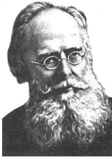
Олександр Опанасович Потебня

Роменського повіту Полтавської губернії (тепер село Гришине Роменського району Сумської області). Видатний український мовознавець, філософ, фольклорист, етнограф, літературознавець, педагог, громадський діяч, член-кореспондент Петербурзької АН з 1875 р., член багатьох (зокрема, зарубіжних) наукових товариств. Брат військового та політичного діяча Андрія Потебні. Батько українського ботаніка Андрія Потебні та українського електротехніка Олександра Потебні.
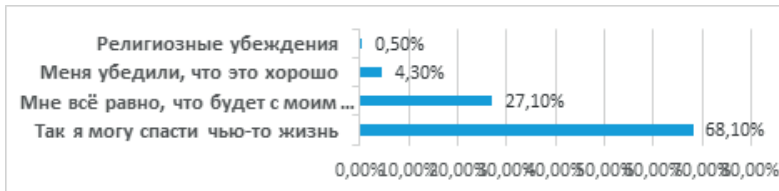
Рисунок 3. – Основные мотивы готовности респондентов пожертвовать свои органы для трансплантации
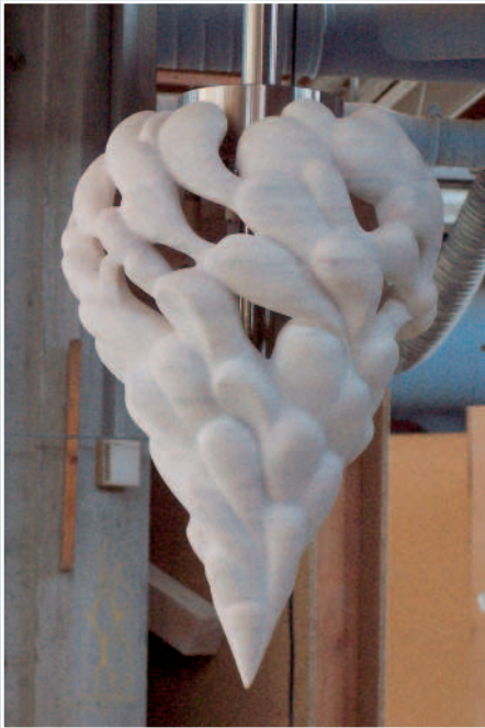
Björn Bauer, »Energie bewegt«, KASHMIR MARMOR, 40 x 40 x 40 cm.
* * *
• **Task prompt**: Each line of the data must be restated exactly, and the pictures must be left out.

• **Answer below**:
Олександр Опанасович Потебня

Роменського повіту Полтавської губернії (тепер село Гришине Роменського району Сумської області). Видатний український мовознавець, філософ, фольклорист, етнограф, літературознавець, педагог, громадський діяч, член-кореспондент Петербурзької АН з 1875 р., член багатьох (зокрема, зарубіжних) наукових товариств. Брат військового та політичного діяча Андрія Потебні. Батько українського ботаніка Андрія Потебні та українського електротехніка Олександра Потебні.
Рисунок 3. – Основные мотивы готовности респондентов пожертвовать свои органы для трансплантации
Björn Bauer, »Energie bewegt«, KASHMIR MARMOR, 40 x 40 x 40 cm.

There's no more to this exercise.